> **How to complete this task**
Ignoring every picture, return the lines of the listing below word for word, from the line that holds "美团删照片典型的权限过度,相" through the line that holds "В момента тази".

[Source material Boundary: Start]

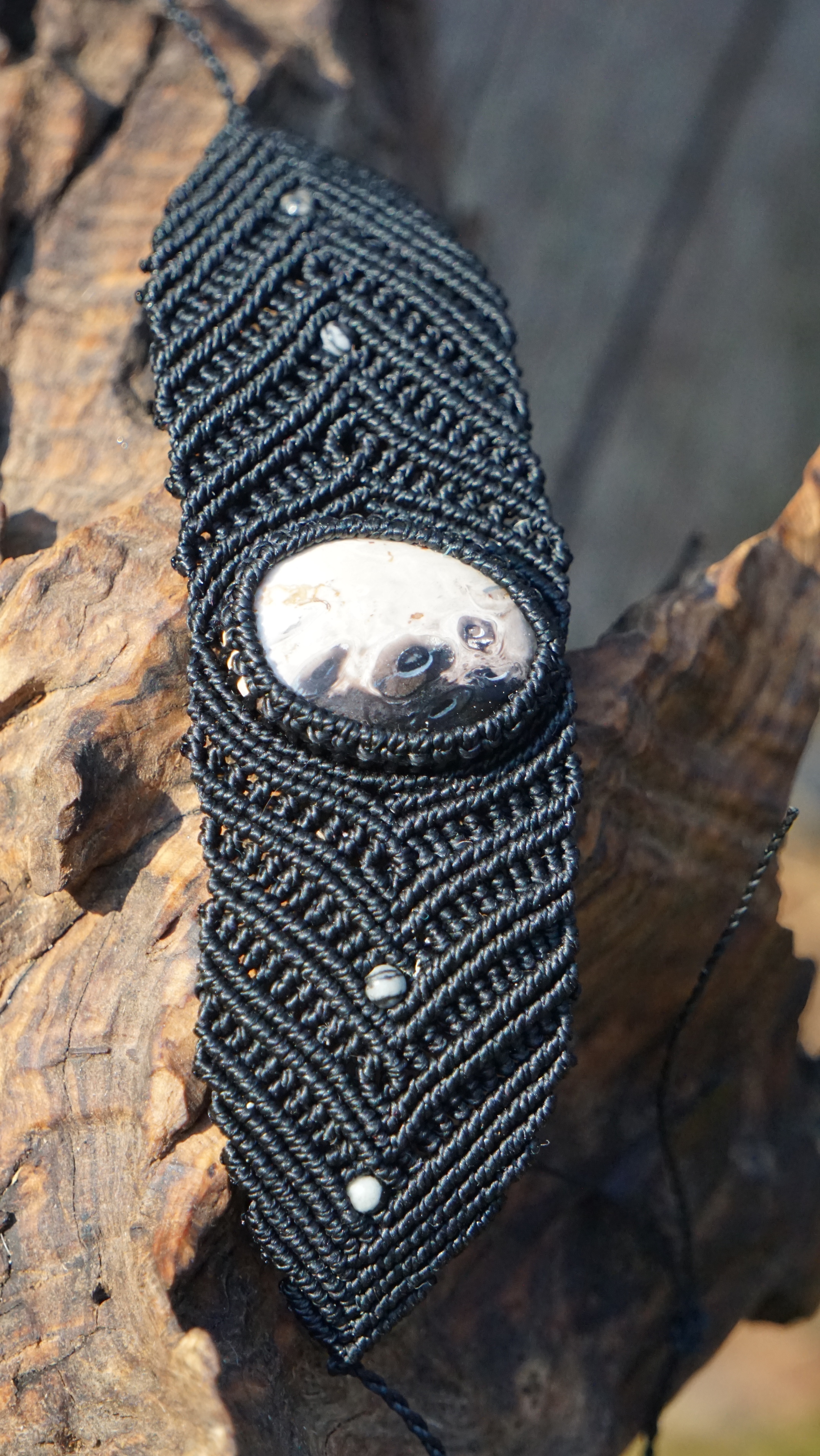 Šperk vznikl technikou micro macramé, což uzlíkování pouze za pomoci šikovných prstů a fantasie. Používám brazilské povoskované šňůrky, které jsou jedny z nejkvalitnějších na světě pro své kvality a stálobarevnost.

[Source material Boundary: End]
[Source material Boundary: Start]

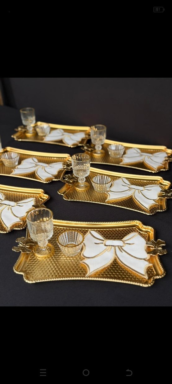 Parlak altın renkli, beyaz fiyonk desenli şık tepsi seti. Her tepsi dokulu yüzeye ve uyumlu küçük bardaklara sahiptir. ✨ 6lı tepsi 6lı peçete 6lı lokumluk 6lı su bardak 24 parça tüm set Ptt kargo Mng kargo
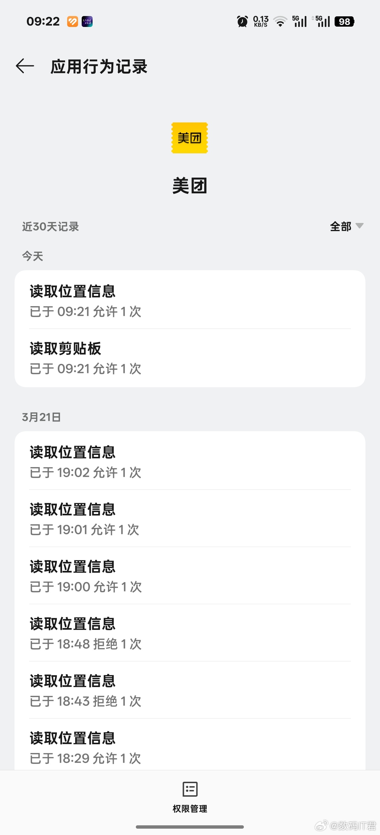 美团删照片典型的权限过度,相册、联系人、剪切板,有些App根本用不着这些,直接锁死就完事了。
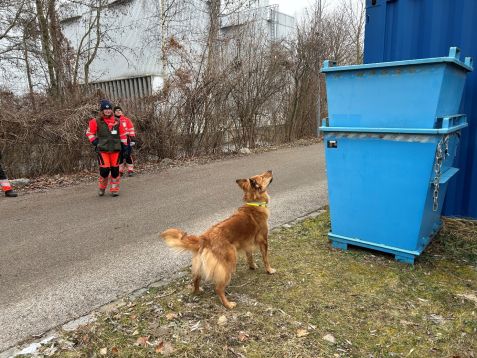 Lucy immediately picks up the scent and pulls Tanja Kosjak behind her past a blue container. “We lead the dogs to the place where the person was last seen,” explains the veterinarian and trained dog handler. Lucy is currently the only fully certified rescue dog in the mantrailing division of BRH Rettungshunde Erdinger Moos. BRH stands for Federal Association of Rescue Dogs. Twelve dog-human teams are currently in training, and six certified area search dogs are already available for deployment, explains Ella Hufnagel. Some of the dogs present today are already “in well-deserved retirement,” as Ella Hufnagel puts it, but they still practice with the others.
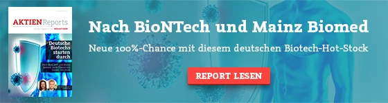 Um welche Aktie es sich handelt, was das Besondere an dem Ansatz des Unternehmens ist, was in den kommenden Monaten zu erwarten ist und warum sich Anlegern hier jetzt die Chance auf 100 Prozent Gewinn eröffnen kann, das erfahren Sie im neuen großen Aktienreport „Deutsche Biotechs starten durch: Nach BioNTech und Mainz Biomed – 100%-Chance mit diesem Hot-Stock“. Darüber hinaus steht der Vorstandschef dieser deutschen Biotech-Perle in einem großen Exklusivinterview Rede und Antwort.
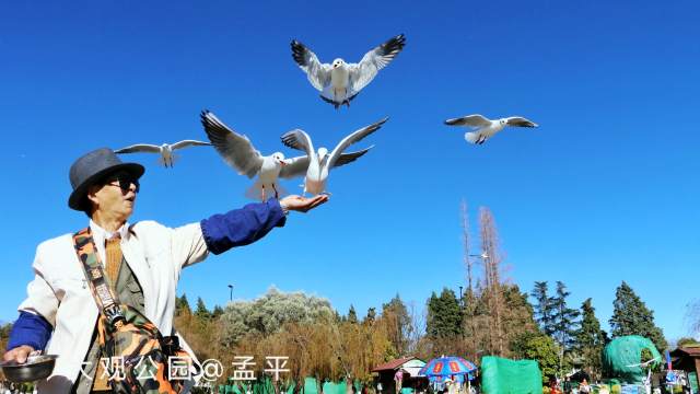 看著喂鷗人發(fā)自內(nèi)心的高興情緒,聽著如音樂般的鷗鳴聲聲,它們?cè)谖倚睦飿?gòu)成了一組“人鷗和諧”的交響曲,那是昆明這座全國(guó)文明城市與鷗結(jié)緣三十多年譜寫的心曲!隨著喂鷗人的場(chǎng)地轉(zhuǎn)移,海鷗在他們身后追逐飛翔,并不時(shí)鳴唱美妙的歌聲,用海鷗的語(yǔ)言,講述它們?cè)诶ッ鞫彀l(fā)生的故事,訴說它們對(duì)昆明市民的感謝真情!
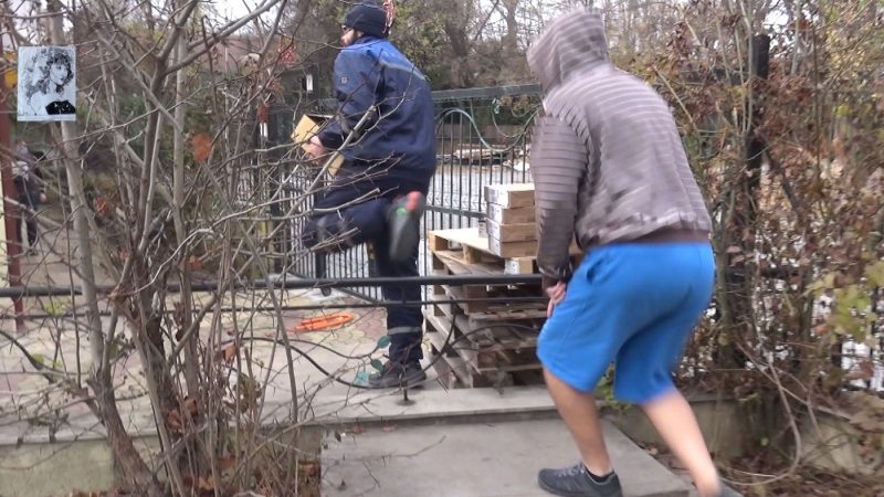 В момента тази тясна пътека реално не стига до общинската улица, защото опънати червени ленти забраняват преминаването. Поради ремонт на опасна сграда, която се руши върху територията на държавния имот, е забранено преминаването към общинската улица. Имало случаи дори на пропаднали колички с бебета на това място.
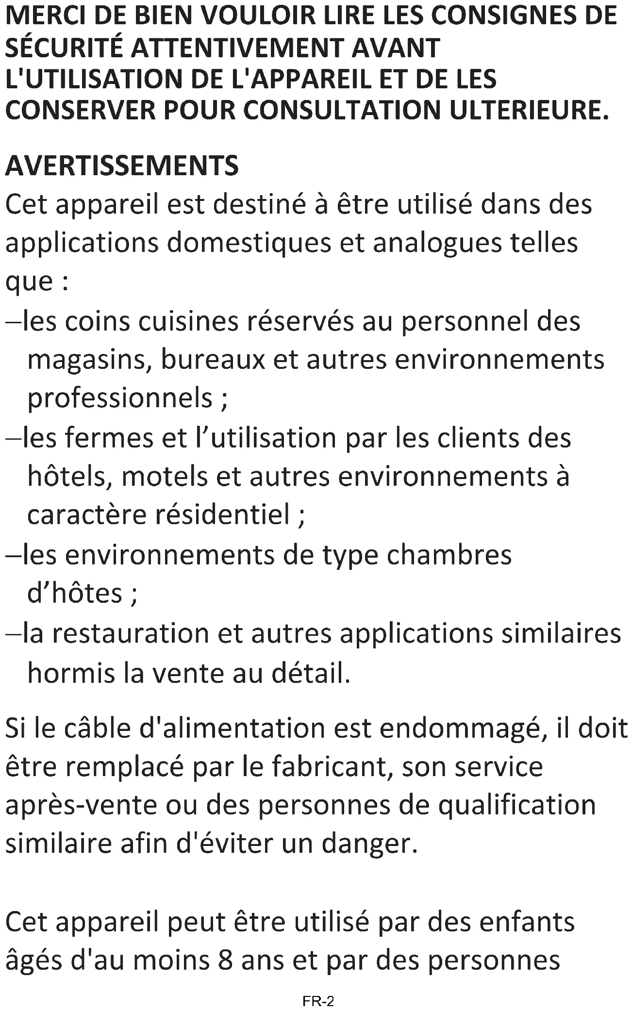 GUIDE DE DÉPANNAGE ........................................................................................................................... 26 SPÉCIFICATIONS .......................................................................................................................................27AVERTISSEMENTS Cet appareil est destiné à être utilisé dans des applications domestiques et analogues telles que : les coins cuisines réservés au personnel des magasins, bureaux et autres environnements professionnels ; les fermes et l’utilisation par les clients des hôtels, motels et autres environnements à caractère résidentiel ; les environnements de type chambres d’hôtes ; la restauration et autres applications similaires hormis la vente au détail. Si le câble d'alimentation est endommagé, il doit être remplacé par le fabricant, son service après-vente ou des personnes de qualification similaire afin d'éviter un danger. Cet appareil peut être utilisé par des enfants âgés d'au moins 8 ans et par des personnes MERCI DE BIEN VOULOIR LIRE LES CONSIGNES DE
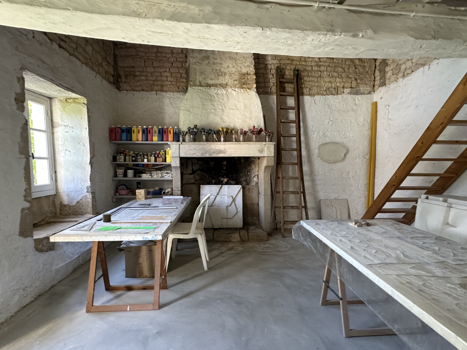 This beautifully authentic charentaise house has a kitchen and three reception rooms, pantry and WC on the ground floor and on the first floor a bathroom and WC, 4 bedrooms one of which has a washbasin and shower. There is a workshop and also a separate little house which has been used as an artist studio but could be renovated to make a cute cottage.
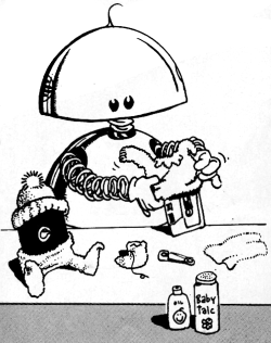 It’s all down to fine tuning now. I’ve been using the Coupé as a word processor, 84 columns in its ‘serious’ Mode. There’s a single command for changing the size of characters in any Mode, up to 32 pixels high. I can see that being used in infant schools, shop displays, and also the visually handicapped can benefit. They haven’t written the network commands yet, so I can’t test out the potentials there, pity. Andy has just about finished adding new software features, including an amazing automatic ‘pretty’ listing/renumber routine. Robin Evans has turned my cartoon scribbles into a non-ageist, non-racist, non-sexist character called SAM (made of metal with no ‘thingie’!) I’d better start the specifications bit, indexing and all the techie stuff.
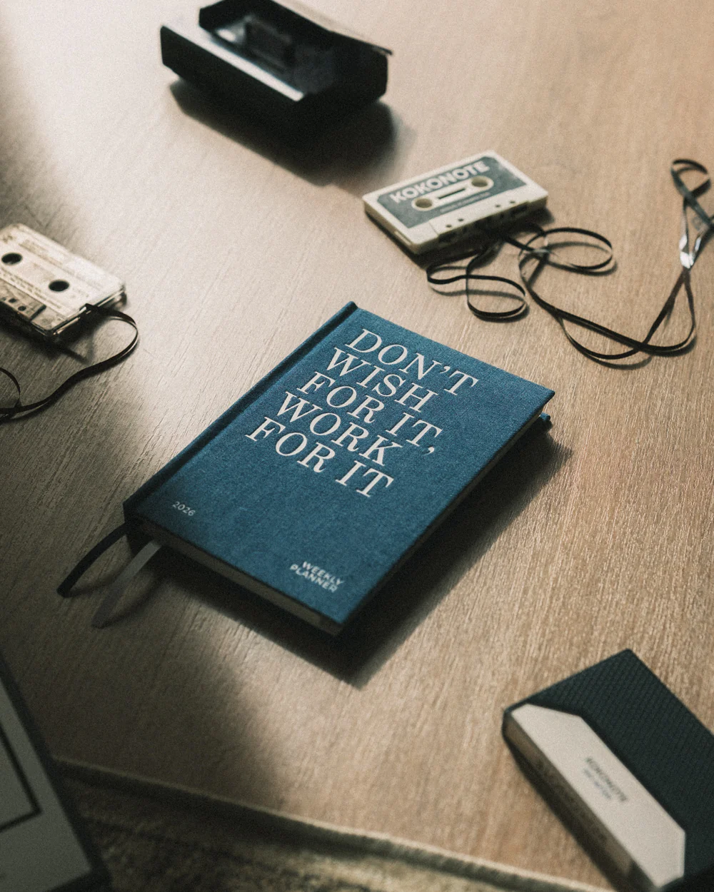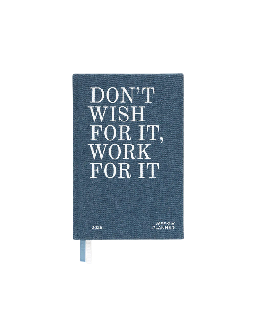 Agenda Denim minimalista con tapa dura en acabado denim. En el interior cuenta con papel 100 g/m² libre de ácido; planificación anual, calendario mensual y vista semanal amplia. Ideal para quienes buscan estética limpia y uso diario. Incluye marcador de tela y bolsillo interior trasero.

[Source material Boundary: End]
[Source material Boundary: Start]

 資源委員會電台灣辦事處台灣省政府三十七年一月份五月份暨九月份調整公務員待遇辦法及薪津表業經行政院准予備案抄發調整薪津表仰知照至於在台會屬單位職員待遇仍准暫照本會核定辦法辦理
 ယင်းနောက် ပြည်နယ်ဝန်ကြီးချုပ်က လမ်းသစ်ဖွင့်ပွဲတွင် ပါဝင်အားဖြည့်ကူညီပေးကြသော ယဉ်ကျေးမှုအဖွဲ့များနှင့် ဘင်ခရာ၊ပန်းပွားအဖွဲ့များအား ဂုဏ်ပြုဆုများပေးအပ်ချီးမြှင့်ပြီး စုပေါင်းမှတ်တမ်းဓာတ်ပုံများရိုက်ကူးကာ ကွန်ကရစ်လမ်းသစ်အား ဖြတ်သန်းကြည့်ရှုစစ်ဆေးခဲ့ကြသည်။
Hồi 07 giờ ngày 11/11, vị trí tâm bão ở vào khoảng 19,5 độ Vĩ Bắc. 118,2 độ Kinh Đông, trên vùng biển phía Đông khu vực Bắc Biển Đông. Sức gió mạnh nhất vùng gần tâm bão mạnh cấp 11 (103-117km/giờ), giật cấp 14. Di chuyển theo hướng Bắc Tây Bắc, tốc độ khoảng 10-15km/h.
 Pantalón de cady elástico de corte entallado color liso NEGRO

[Source material Boundary: End]

> **Result of the exercise**
 美团删照片典型的权限过度,相册、联系人、剪切板,有些App根本用不着这些,直接锁死就完事了。
 Lucy immediately picks up the scent and pulls Tanja Kosjak behind her past a blue container. “We lead the dogs to the place where the person was last seen,” explains the veterinarian and trained dog handler. Lucy is currently the only fully certified rescue dog in the mantrailing division of BRH Rettungshunde Erdinger Moos. BRH stands for Federal Association of Rescue Dogs. Twelve dog-human teams are currently in training, and six certified area search dogs are already available for deployment, explains Ella Hufnagel. Some of the dogs present today are already “in well-deserved retirement,” as Ella Hufnagel puts it, but they still practice with the others.
 Um welche Aktie es sich handelt, was das Besondere an dem Ansatz des Unternehmens ist, was in den kommenden Monaten zu erwarten ist und warum sich Anlegern hier jetzt die Chance auf 100 Prozent Gewinn eröffnen kann, das erfahren Sie im neuen großen Aktienreport „Deutsche Biotechs starten durch: Nach BioNTech und Mainz Biomed – 100%-Chance mit diesem Hot-Stock“. Darüber hinaus steht der Vorstandschef dieser deutschen Biotech-Perle in einem großen Exklusivinterview Rede und Antwort.
 看著喂鷗人發(fā)自內(nèi)心的高興情緒,聽著如音樂般的鷗鳴聲聲,它們?cè)谖倚睦飿?gòu)成了一組“人鷗和諧”的交響曲,那是昆明這座全國(guó)文明城市與鷗結(jié)緣三十多年譜寫的心曲!隨著喂鷗人的場(chǎng)地轉(zhuǎn)移,海鷗在他們身后追逐飛翔,并不時(shí)鳴唱美妙的歌聲,用海鷗的語(yǔ)言,講述它們?cè)诶ッ鞫彀l(fā)生的故事,訴說它們對(duì)昆明市民的感謝真情!
 В момента тази тясна пътека реално не стига до общинската улица, защото опънати червени ленти забраняват преминаването. Поради ремонт на опасна сграда, която се руши върху територията на държавния имот, е забранено преминаването към общинската улица. Имало случаи дори на пропаднали колички с бебета на това място.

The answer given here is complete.